BF is in the spirit of Hill. While the traditional divisor methods all
have a fixed rounding point, BF, like Hill, uses a formula, and claims
less bias. (But BF really is unbiased in the sense of having the
average s/q equal to 1 in each interval)
(instead of seeking _expected_ s/q to be 1, based on a non-uniform
probability-density)
.
Kristofer used "p" to stand for the fractional part of q, and I'll
keep that convention.

The traditional methods have fixed p. If fixed p is desired, then it
could be the one that BF gives, for the lowest interval that is among
those that are expected to have equal s/q.  It could be the one that
BF gives for the 1 to 2 interval. That would put the fixed p at about
.47   For a fixed p proposal, I'd propose p = .47

The lower intervals, with lower q, are the ones in which changing the
rounding point has the greatest effect on s/q. So it's better to have
BF's accuracy in the 1-2 interval than in the higher ones.

For that matter, one could choose a fixed p that would give the least
maximum magnitude of bias, given some non-uniform probability density.

Kristofer described some complicated probability-density
approximations that have good justification from principles, would
probably be more accurate. I'll ll call those "the complicated
functions".   As I was saying, WBF integrates (s/q)F(q), with respect
to q, between the two consecutive integers a and b, where F(q) is the
probability-density function. I don't know if the integration and the
solution of the resulting equation for R (the rounding point) could be
done analytically, with an exact solution by formula, when the
complicated functions are used. Probably not, I would expect.

But it could be done numerically, and the solution for R could be done
numerically too--with a new numerical integration being used in each
iteration of the numerical equation-solving method, when solving for
R.

Or a simpler approximation of F could be used, to make possible a
numerical solution for R. A polynomial approximation of F would work,
for that purpose.

Say G(q) is the cumulative state-number function. Number the states,
starting with the smallest. Those numbers are the cumulative state
numbers for those states. G(q) is that number as a function of q.  q
is the quotient resulting from dividing a state's population by some
common divisor (used to calculate all of the state's q values).

Over some range of q, one could approximate G(q) with a polynomial. It
could be an interpolation, or a least-squares approximation based on a
larger range of q. Differentiating G(q) gives the probability density
funciton, F(q),  implied by or consistent with G(q).

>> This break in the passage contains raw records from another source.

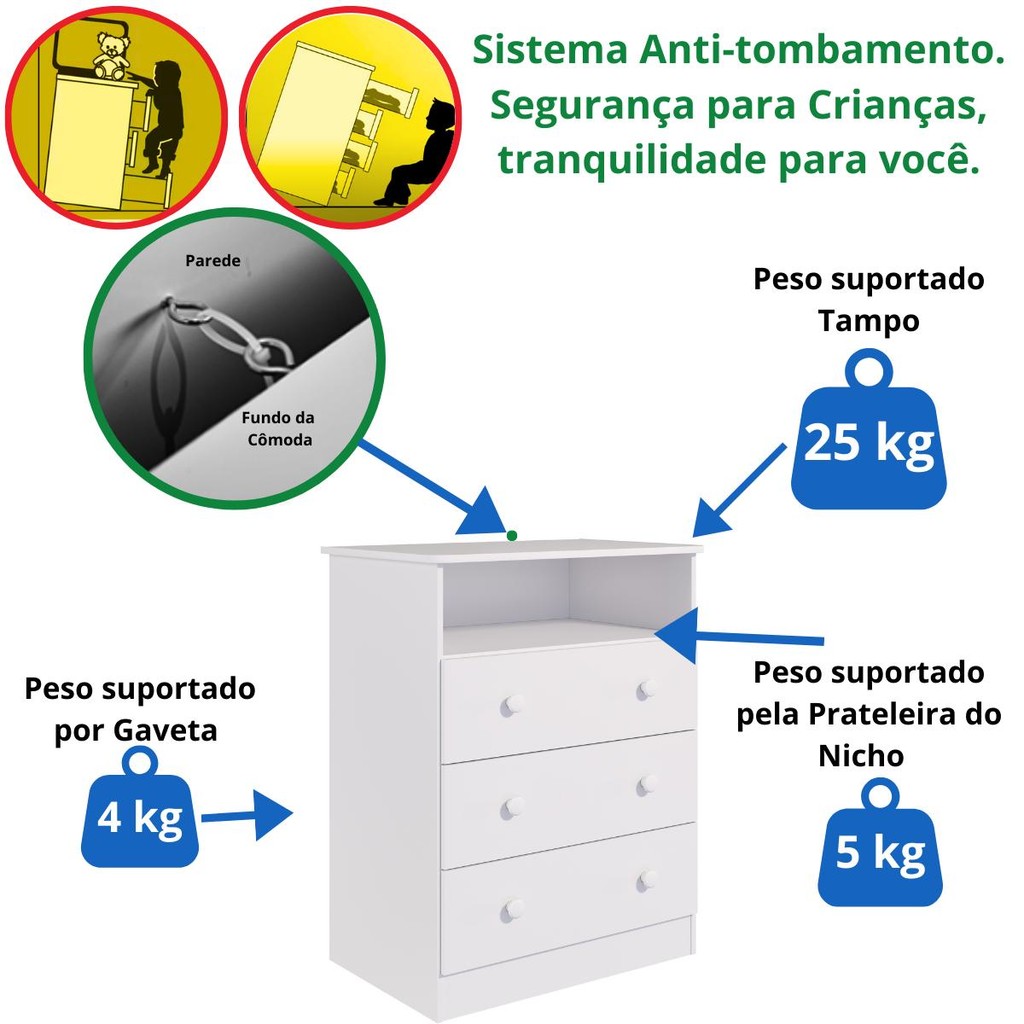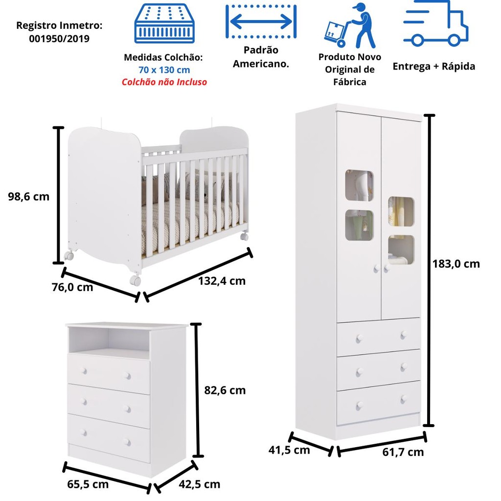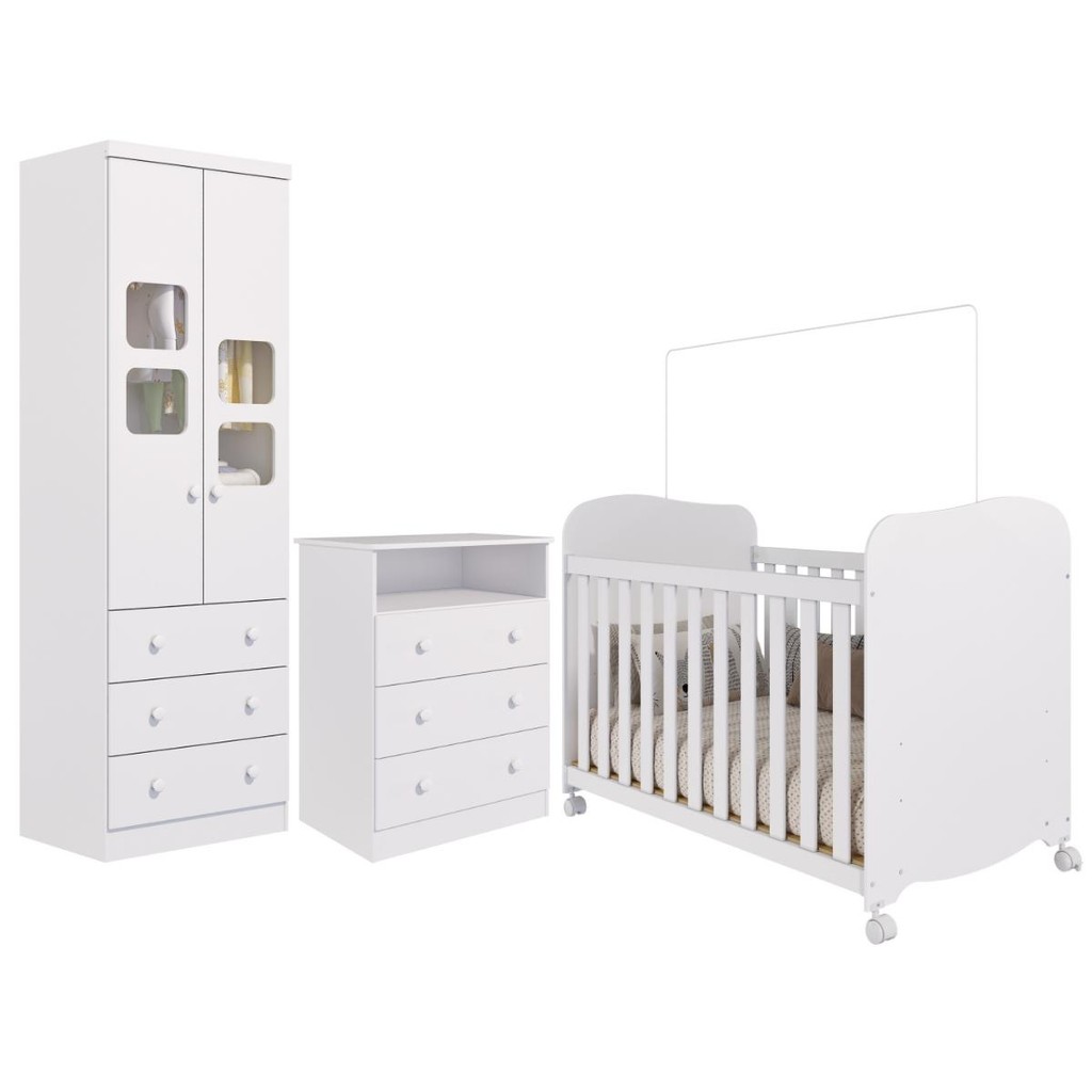 Quarto Bebe Completo Berço Americano Uli Guarda Roupa 2 Portas Uli Gaveteiro 3 Gavetas Smim 100% MDF
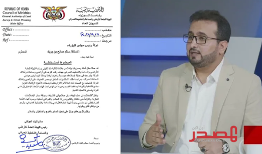 قدّم رئيس الهيئة العامة للأراضي والمساحة والتخطيط العمراني، سالم ثابت العولقي، استقالته رسميًا إلى رئيس الوزراء الدكتور سالم صالح بن بريك، احتجاجًا على ما وصفه بـ"التدخلات وعرقلة مسار الإصلاحات المؤسسية والقانونية" داخل الهيئة.
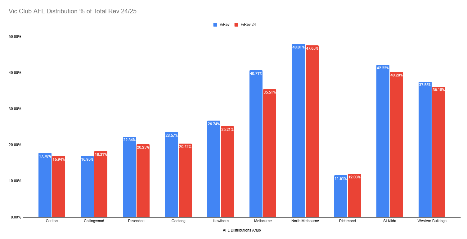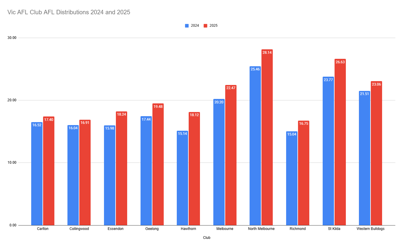 Victorian AFL Clubs received 207.19m in distributions from the AFL in 2025, up 10.75% on 2024, up 51% over 5 years and up 44% since 2018.
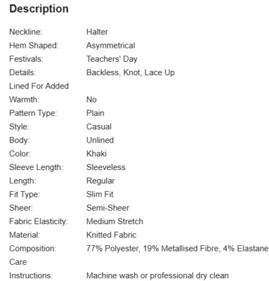 Sizes: XS
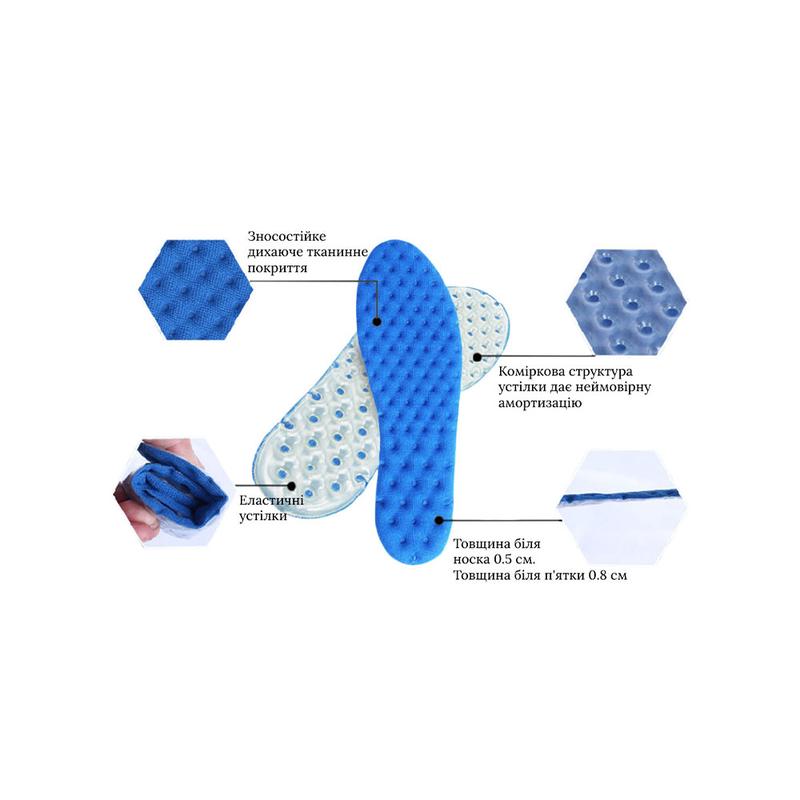 ✔️ Материалы: TPU (высокотемпературный полиуретан), инертный газ, износостойкое «дышащее» тканевое покрытие синего цвета.📏 Толщина стелек: 📏
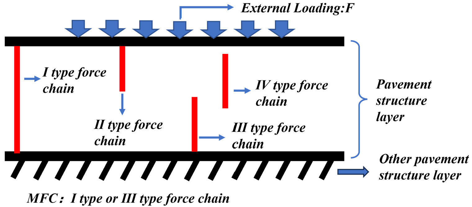 - The load is directly applied from the upper pavement layer, and this type of force chain transfers external loading to other structural layers.
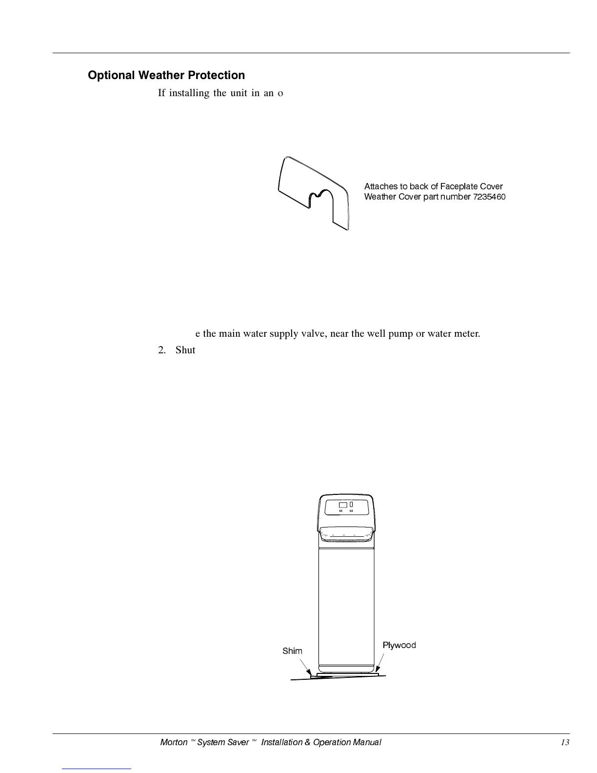 $Q RSWLRQDO :HDWKHU &RYHU LV DYDLODEOH IRU RXWGRRU LQVWDOODWLRQV E\ FDOOLQJ :$7(5 RU
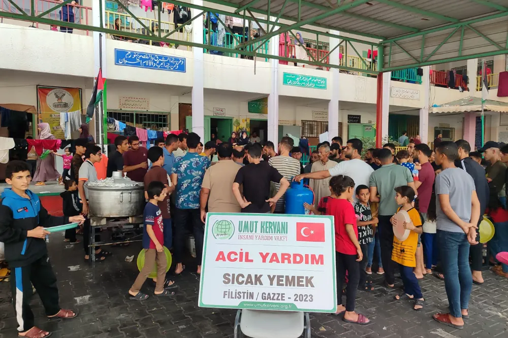 İşgal rejiminin saldırıları altında inleyen mazlum Gazze halkına yardım ulaştırmak için çalışmalarını sürdüren Umut Kervanı, kurduğu aşevi ile her gün binlerce kişiye sıcak yemek ikramı yapmanın yanı sıra gıda, ilaç ve temizlik malzemesi dağıtımına da devam ediyor.
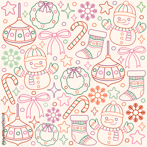 © Mahalili, Fototapeta premium Seamless Christmas Outline Pattern. Winter Holiday Doodle Background with Snowman, Ornament, and Stocking.
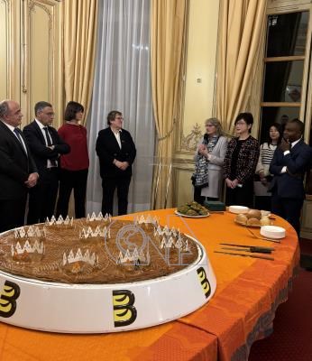 駐法代表處3日邀請法國各界友人共享巨型國王派,駐法代表郝培芝(右3)感謝他們長期支持台灣,過去一年在各領域致力強化雙邊關係。

With the complicated functions, (if I understand what the complicated
functions look like) there two points of inflection, and, there, dF/dq
has its greatest magnitudes. Maybe near those points are the points
where s/q differs from 1` by the greatest factor. Maybe that occurs
when abs(dF/dq)/q is the greatest.

If all one wants to do is compare the performance of low-bias
proposals, then those two points are the ones of interest. Finding s/q
at those two points, with some particular apportionment method,  is of
course a lot easier than solving for R.

One thing that one could do would be to find, by trial and error, what
constant p would give the least maximum factor by which the s/q, for
two (a,b) intervals somewhere in q's range, could differ.

Also, one could compare BF, Hill, and Webster,to find which of those
would have the last maximum factor by which s/q could differ for two
(a,b) intervals, somewhere in q's range.

Or one could do WBF, by finding the R, for each a to b interval, that
makes the expected s/q equal to 1 in that interval. With the
complicated functions that would surely be a numerical problem, but it
could be analytically solved if F(q) is gotten by differentiating a
polynomial approximation of G(q).

My first apportionment proposal would be BF. If more simplicity were
desired, I'd suggest p = .47

If unbias judged based on expected s/q in all of the intervals being
1, based on non-uniform F(q), than WBF would be the best. For more
simplicity, the other solutions described above could be proposed, the
ones that minimize the maximum factor by which expected s/q in two
intervals can differ, when p is some constant, or when one must choose
between BF, Hill and Webster.

But, though it isn't part of the subject of this posting, because it
isn't a divisor method, one could also propose minimizing, by trial
and error, the Pearson correlation between q and s/q among the states.
Or between total s and total q in the intervals. Correlation is a
familiar concept,and a simple principle to describe and propose, and
doesn't need a probability-density function approximation.

Of course these methods could be used for PR too.